Which cpu - of the ones implemented in gcc - is the closest match and a good starting point?
 
Some cold fire? one of i386? mips? sparc? ...?

Not coldfire. (Coldfire FPU is slower than 68080)

"Modern" FPU are pipelined like our.
E.g. Todays x86 (starting with Pentium), All PowerPC.

Our goal should be to "inform" GCC that it can throw an FADD every cycle - but that each has a LATENCY..
Teaching GCC that running several FADD in parallem will increase speed a lot.

For example, GCC does this very well for PowerPC.



Stefan "Bebbo" Franke

Posts 139
29 Jun 2019 11:27


Gunnar von Boehn wrote:

Stefan "Bebbo" Franke wrote:

  Which cpu - of the ones implemented in gcc - is the closest match and a good starting point?
 
  Some cold fire? one of i386? mips? sparc? ...?
 

 
  Not coldfire. (Coldfire FPU is slower than 68080)
 
  "Modern" FPU are pipelined like our.
  E.g. Todays x86 (starting with Pentium), All PowerPC.
 
  Our goal should be to "inform" GCC that it can throw an FADD every cycle - but that each has a LATENCY..
  Teaching GCC that running several FADD in parallem will increase speed a lot.
 
  For example, GCC does this very well for PowerPC.
 

  - how many float insns are processed parallel?
  - what is the latency of each insn?
  - is there a dependency of some insns to other insns?

same for integer insn (disregard fusing here - 2 fused insns in 68080 should be treated as one insn in gcc)
  - how many int insns are processed parallel?
  --> 2
  - what is the latency of each insn?
  - is there a dependency of some insns to other insns?

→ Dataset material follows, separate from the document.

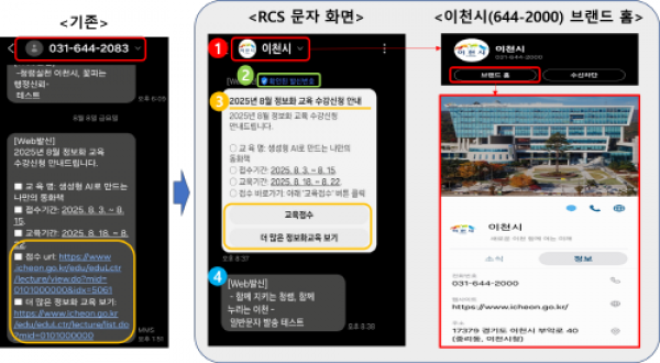 이천시(시장 김경희)는 시민과의 신뢰 있는 소통 강화를 위해 문자 발송 시스템에 ‘안심마크’를 적용한 RCS(Rich Communication Services) 기반 서비스를 도입해 운영을 시작했다고 밝혔다.3. 이천시 문자 안심마크 서비스 도입 스미싱 피해 예방하고 시민 신뢰도 높인다 이번 사업은 최근 증가하는 스미싱 문자로 인한 사회적 피해를 예방하고, 행정 정보 전달의 신뢰도를 높이기 위해 추진됐다. 기존의 문자 발송 방식은 발신 번호만 표시돼, 수신자가 문자의 출처를 명확히 확인하기 어려웠다. 이로 인해…
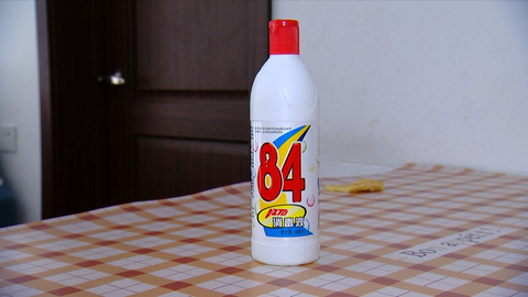 春节期间很多人家都会大扫除,打扫卫生就要用到清洁剂,现在市面上各种清洁剂很多,大家使用的时候一定要当心,不要混用,否则可能产生毒气。 董女士住在南湖区余新镇,新年到了,她在家里大扫除。 董女士:我发现油烟机很脏,我就用清洁剂擦了一下,之后抹布怎么洗都洗不干净。 董女士突然想到,家里还剩下不少用来漂白衣服的84消毒液,衣服都可以漂白,抹布是不是也可以呢? 董女士:我想84消毒液去污能力挺强的,以前

best is put dependand insns into groups and specify the dependency of the groups.

e.g.
  - indirect mem: blocks both pipes
  - address used, is blocked by address calculation

and so on...

and for AMMX a capable GNU ASM is mandatory




Gunnar von Boehn
(Apollo Team Member)
Posts 6207
29 Jun 2019 14:12


Stefan "Bebbo" Franke wrote:

    - how many float insns are processed parallel?
 

 
Please help me understand what is your definition of processed?
How many are in flight?
How many can be issued,
how many can be retired?
 
APOLLO 68080 can today issue/retire 1 FPU instruction per cycle.
 
 
Stefan "Bebbo" Franke wrote:

    - what is the latency of each insn?

FMOVE 1
FADD  6
FSUB  6
FCMP  6
FMUL  6
FDIV  10
FSQRT 22
FMOVEM 1 per cycle
 
Inputformat which is float and comes from (Mem) (Dn) or FREG
== FREE
 
Inputformat which is TYPE INTEGER "+1 cycle" for any source
 
 
Stefan "Bebbo" Franke wrote:

  - is there a dependency of some insns to other insns?

No
 
All calculations can be done in parallel.
Instruction which needs the FLAGS like
FBCC will wait for all instruction to finish.
 
 
 
 
Stefan "Bebbo" Franke wrote:

  same for integer insn (disregard fusing here - 2 fused insns in 68080 should be treated as one insn in gcc)
    - how many int insns are processed parallel?

2 INTEGER
(3 in some exception but lets ignored this today)

 
Stefan "Bebbo" Franke wrote:

    - what is the latency of each insn?
 

always 1
 
 
More expensive are

MUL=2
DIV=32
MOVEM=1 per Reg
MOVE16=4
CMPM=2
JMP/JSR with calculated EA =4  E.g. "JSR -40(A6)"
JMP /JSR absolute or PC-relativ  =1
 
 
 
Stefan "Bebbo" Franke wrote:

  - is there a dependency of some insns to other insns?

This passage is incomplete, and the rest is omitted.